Material provided:
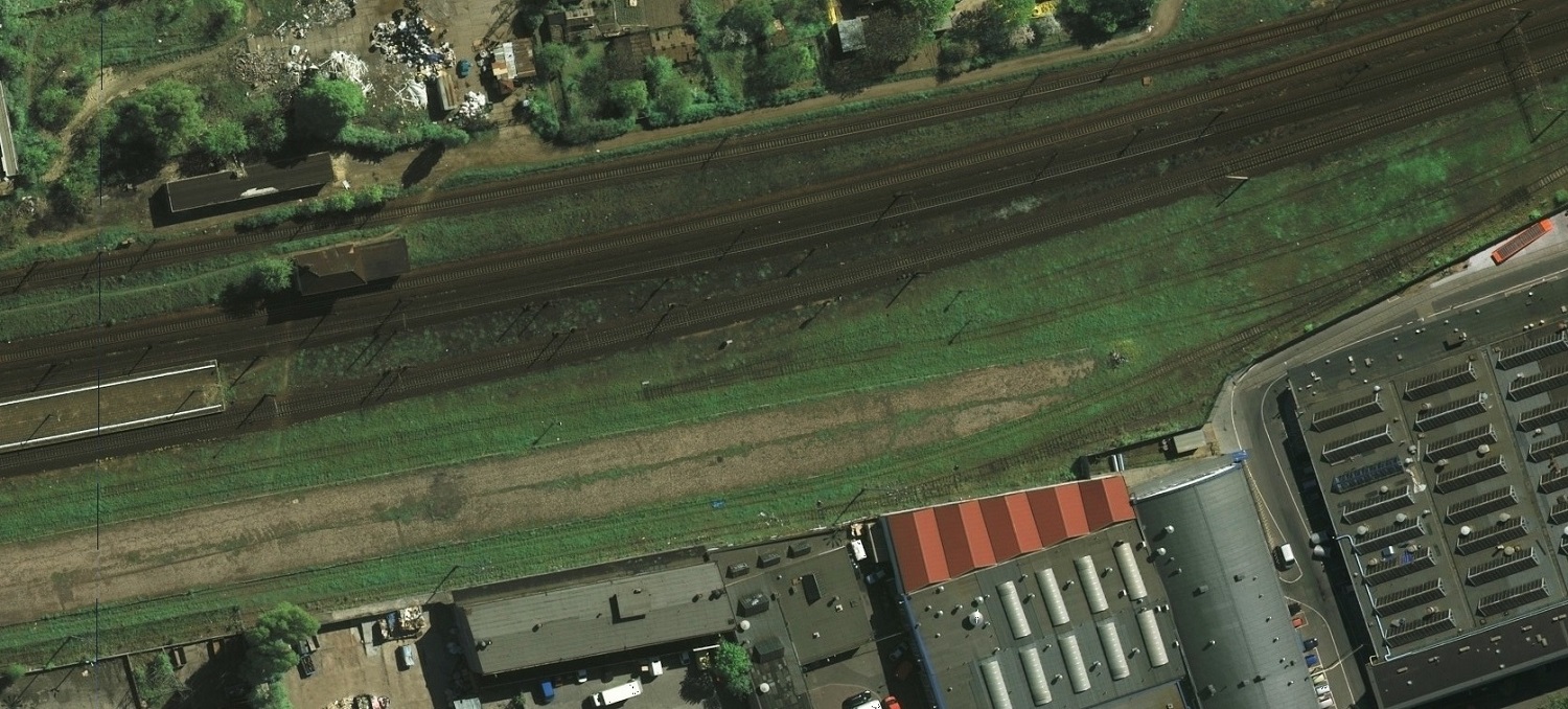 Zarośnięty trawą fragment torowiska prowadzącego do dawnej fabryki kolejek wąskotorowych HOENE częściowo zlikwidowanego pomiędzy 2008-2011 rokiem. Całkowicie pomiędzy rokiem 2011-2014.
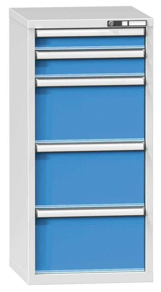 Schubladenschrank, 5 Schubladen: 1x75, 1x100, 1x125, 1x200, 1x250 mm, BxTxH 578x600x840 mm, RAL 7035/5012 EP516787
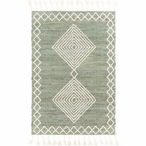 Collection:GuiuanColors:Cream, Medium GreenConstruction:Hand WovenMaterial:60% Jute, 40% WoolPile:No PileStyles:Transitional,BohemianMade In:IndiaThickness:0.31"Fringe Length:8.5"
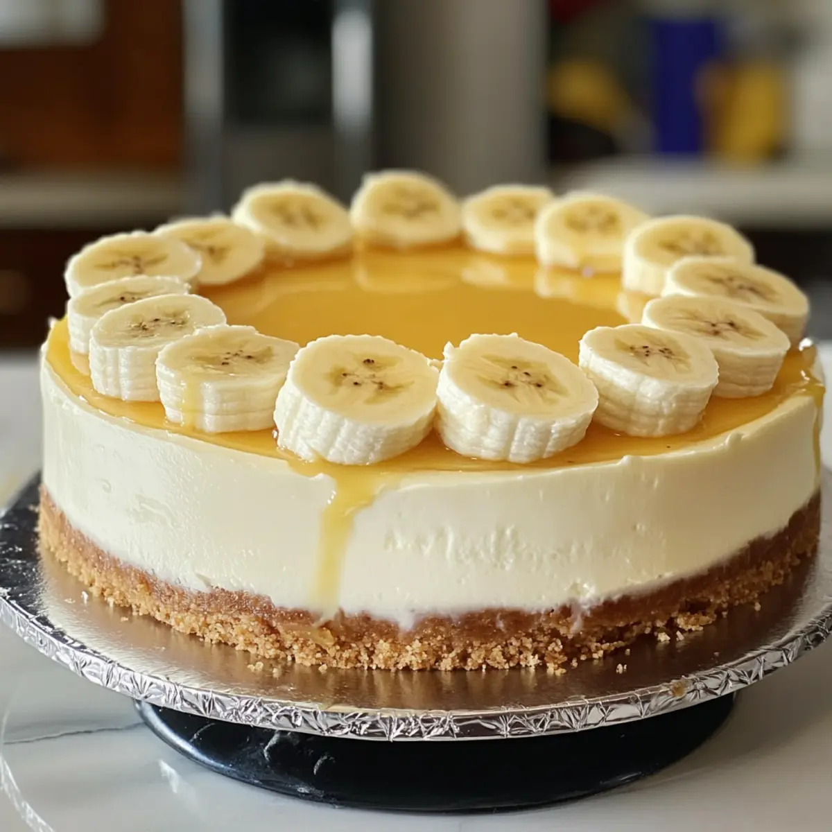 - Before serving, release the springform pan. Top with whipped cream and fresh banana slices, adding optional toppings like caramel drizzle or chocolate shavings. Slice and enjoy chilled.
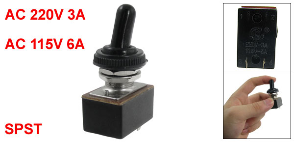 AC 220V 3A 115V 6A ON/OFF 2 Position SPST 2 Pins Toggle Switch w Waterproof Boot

Instructions to follow: A faithful copy is needed: reproduce all of the data above, leaving the pictures out.

Your response:
 Zarośnięty trawą fragment torowiska prowadzącego do dawnej fabryki kolejek wąskotorowych HOENE częściowo zlikwidowanego pomiędzy 2008-2011 rokiem. Całkowicie pomiędzy rokiem 2011-2014.
 Schubladenschrank, 5 Schubladen: 1x75, 1x100, 1x125, 1x200, 1x250 mm, BxTxH 578x600x840 mm, RAL 7035/5012 EP516787
 Collection:GuiuanColors:Cream, Medium GreenConstruction:Hand WovenMaterial:60% Jute, 40% WoolPile:No PileStyles:Transitional,BohemianMade In:IndiaThickness:0.31"Fringe Length:8.5"
 - Before serving, release the springform pan. Top with whipped cream and fresh banana slices, adding optional toppings like caramel drizzle or chocolate shavings. Slice and enjoy chilled.
 AC 220V 3A 115V 6A ON/OFF 2 Position SPST 2 Pins Toggle Switch w Waterproof Boot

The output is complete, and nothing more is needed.